===== Given data
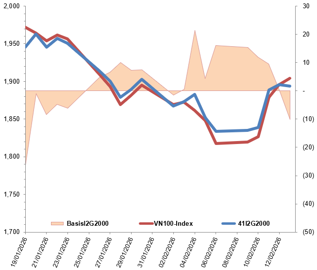 Ngoài ra, các hợp đồng tương lai VN100 tăng giảm đan xen trong phiên giao dịch ngày 13/02/2026. Cụ thể, 41I2G2000 (I2G2000) giảm 0.22%, còn 1,894.1 điểm; 41I2G3000 (I2G3000) giảm 0.32%, còn 1,894.7 điểm; hợp đồng 41I2G6000 (I2G6000) tăng 0.31%, đạt 1,895 điểm; hợp đồng 41I2G9000 (I2G9000) tăng 0.01%, đạt 1,890.2 điểm. Chỉ số cơ sở VN100-Index kết phiên ở mức 1,904.16 điểm.
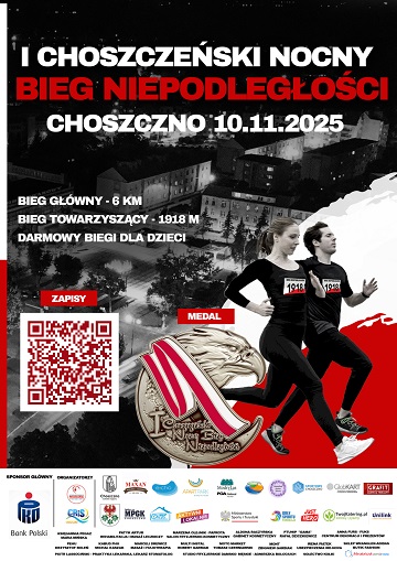 I CHOSZCZEŃSKI NOCNY BIEG NIEPODLEGŁOŚCI odbędzie się w poniedziałek, 10 listopada 2025 r. w Choszcznie
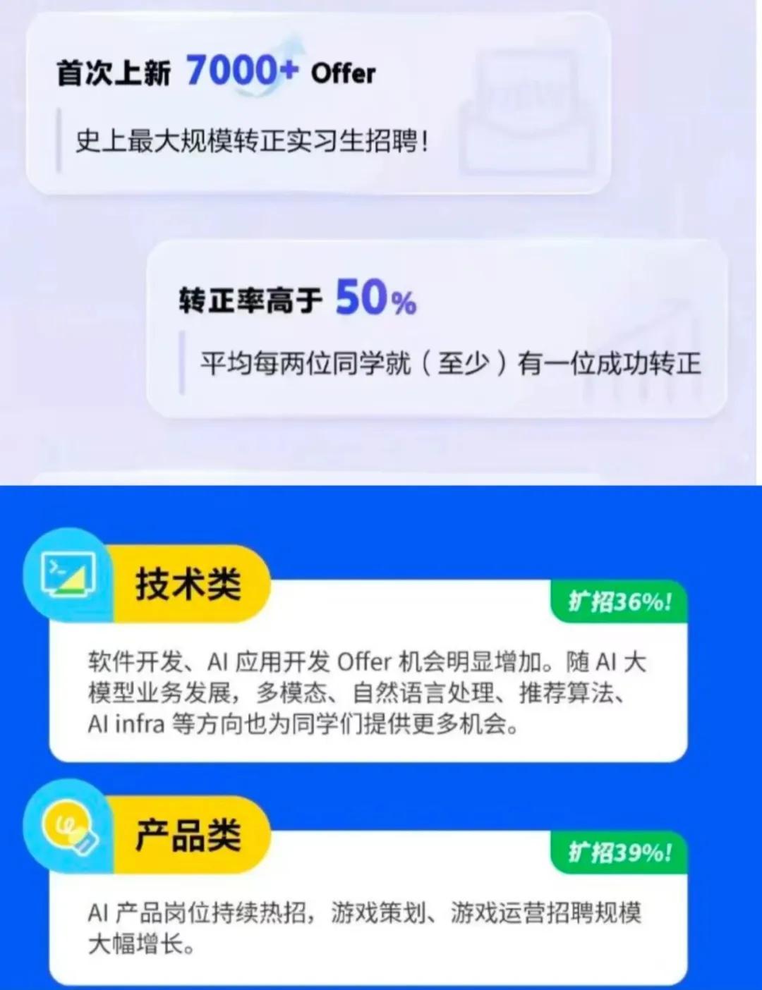 而字節跳動則開啓了史上最大規模轉正實習生招聘,提供7000餘個崗位,轉正率超過50%。
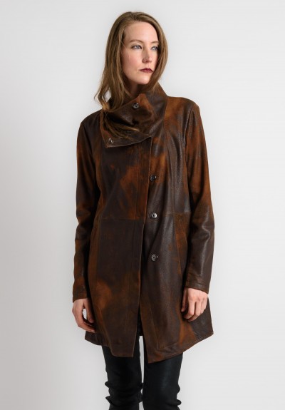 Send my friend a link to Gimo's Long Distressed Leather Jacket in Brown
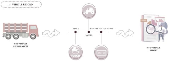 Worksite vehicles control: flows relating to the presence of vehicles in the worksite are generated and through scanning and then uploading to the platform, the documents are verified;
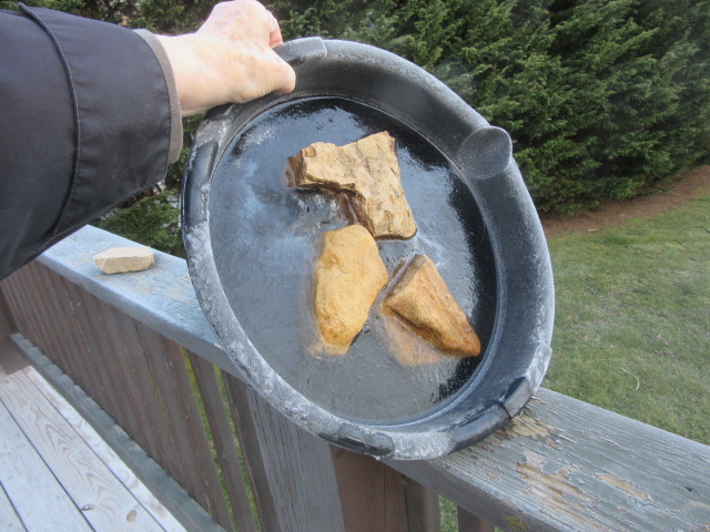 On a hunch that the underside would be interesting, I turned the mold over. There seem to be strands of ice from the rocks to the surface, working to tie them in firmly. When I showed grandson David the photos, it occurred to me that the rocks were poking above the water. I have little scientific knowledge, but I wonder if the rocks were colder than the water. That could explain why there was extra ice attached to them.
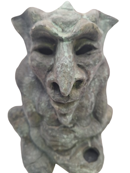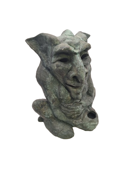 This is a gargoyle that is used to hold a candle or incense when performing his seance routines.
==========
Your answer should hold only the lines from the line with "Send my friend" through the closing line of the records, restated exactly and free of pictures.

Task result:
 Send my friend a link to Gimo's Long Distressed Leather Jacket in Brown
 Worksite vehicles control: flows relating to the presence of vehicles in the worksite are generated and through scanning and then uploading to the platform, the documents are verified;
 On a hunch that the underside would be interesting, I turned the mold over. There seem to be strands of ice from the rocks to the surface, working to tie them in firmly. When I showed grandson David the photos, it occurred to me that the rocks were poking above the water. I have little scientific knowledge, but I wonder if the rocks were colder than the water. That could explain why there was extra ice attached to them.
 This is a gargoyle that is used to hold a candle or incense when performing his seance routines.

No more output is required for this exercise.